What Might Spike Your Dog’s Anxiety?

Often, your dog can get threatened over something that doesn’t really qualify as threatening.

A change of scenery can do that. If your dog has been stationary at home for a while then gone somewhere else, chances are he’s going to get anxious and rub his body between your legs.

The same effect occurs when it gets away from you even for a short time, and that’s what’s known as separation anxiety.
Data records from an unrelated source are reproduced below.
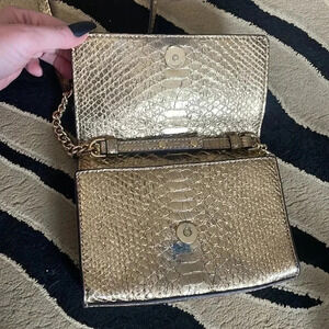 Michael Kors gold evening bag clutch with crossbody strap. Interior is in great condition; however, the exterior has 2 very worn spots around the snap closure (pictured). Please note that this is being sold as-is, and the price reflects this wear.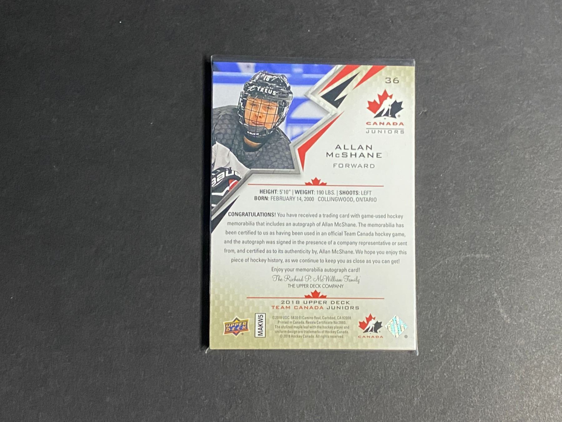 ALLAN McSHANE AUTOGRAPH/JERSEY PATCH CARD EXCELLENT PATCH #D/199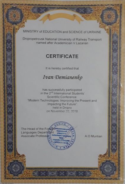 Іван отримав сертифікат учасника та запрошення на наступну конференцію, що планується навесні 2019 року.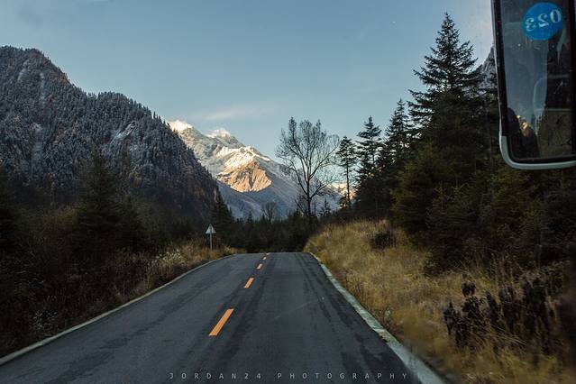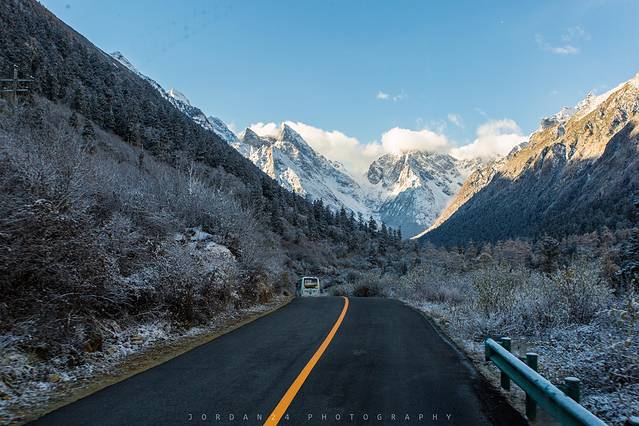 想象下……车辆行驶在碧水旁,两岸的高山、彩林,天空不时泛起青雾,太阳前方的雪上尖上……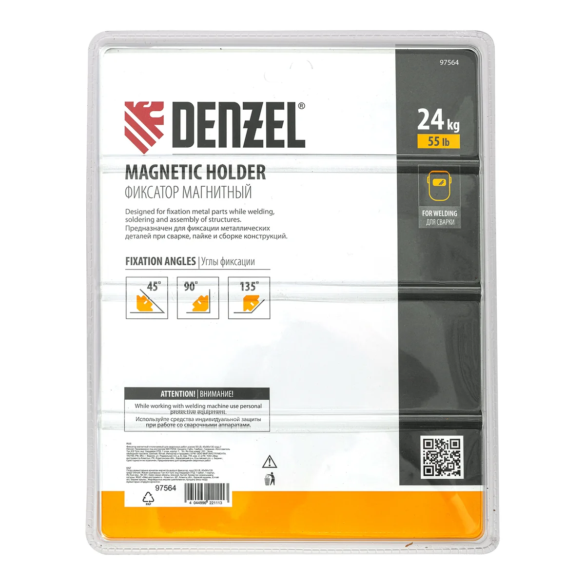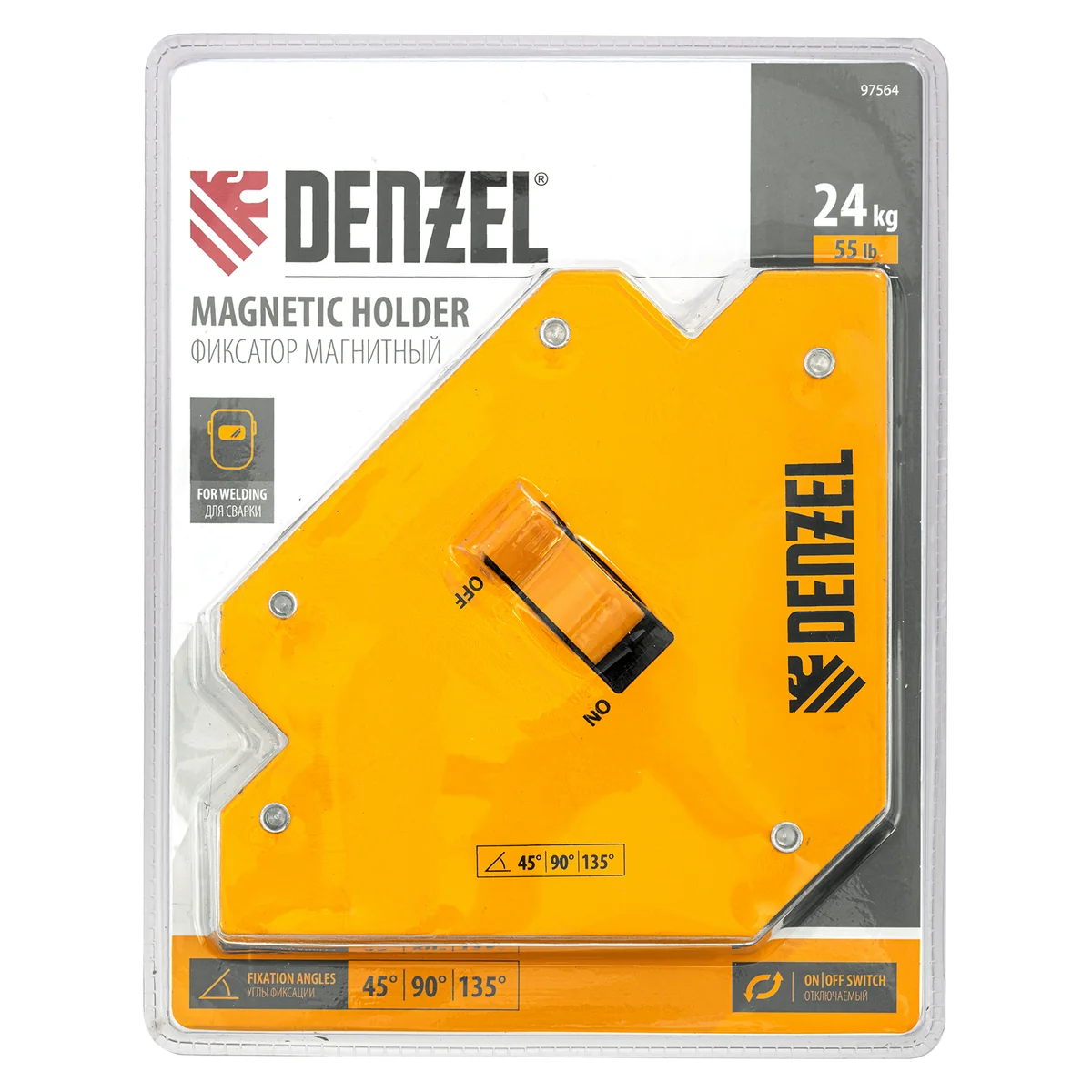 Фиксатор магнитный отключаемый для сварочных работ усилие 55 LB, 45х90х135 град. Denzel 97564

Encounters with strangers can also spike anxiety in your dog.

Justified Anxiety

Not all kinds of anxiety are pernicious. There’s the milder type that can sometimes be justified. But more often than not, when the behavior gets patterned, that may signal a problem.

It becomes up to you to distinguish and act accordingly. Based on which, you’ll know when and how to discourage or encourage. Plus, you’ll be able to know if your dog walking between your legs needs medical attention.

4. Hypersexuality: One More Reason to Look Out For!

If you notice that not only does your dog walk between your legs but also humps it, then that might nudge the issue in another direction.

Causes of Humping

Providing that hypersexuality is the cause of humping and not something else, then probably this won’t be a behavioral disorder. Instead, it’ll be an underlying organic issue.

Namely, the underlying medical condition could be Benign Prostatic Hyperplasia. This disease is relatively common, affecting 80% of male dogs over five years of age.

Besides that disease, humping can be due to a surge in hormones. In either case, you’ll need to take your dog buddy to a vet, especially in the case of prostate disease.

You need to know, though, that humping isn’t necessarily attributed to hypersexuality. It can be due to stress or anxiety. It can also be a form of attention-seeking.

Neutering as a Proposed Solution for Humping

To solve humping, you may need to resort to neutering. That simply means sterilizing your dog. Don’t worry, though; that isn’t as bad as it seems. Neutering is a reasonably standard procedure.

This procedure aims at preventing pet overpopulation, which is a problem on the rise, much like humans.

It also keeps your dog from getting many diseases, including:

  • Tumors in the testicles
  • Prostate problems
  • Hernias
  • Perianal tumors

Neutering can help as well in correcting behavioral issues like aggression and anger. That’s due to the plummeting of sex hormones, manifesting in a much calmer dog.

How to Encourage Certain Behaviors, and Discourage Others?

If your dog keeps walking between your legs with no apparent reason, that may indicate that there’s indeed a danger looming around.

When noticing that your dog acts this way in inappropriate situations, you might want to encourage your dog for his good call. So how to encourage and how to do the opposite?

Here are ways of encouraging:

  • Positive reinforcement training
  • Consistent practice
  • Praising: both verbally and with nonverbal cues
  • Spend more time with it
  • Play more often!

Here are ways of discouraging:

  • Withholding attention and ignoring the behavior
  • Stifling laughter even if it seemed funny
  • Steering them away by providing a distraction
  • Removing the trigger for the behavior
  • Again, practice! Maybe even with the help of a trainer

Final Thoughts

Dogs walking between your legs can be their way of singing the blues, or it can be a scream for help. It also can be a disease, either behavioral or organic.

How you should act ranges from turning a blind eye to visiting the vet. Whatever’s best for your beloved pet!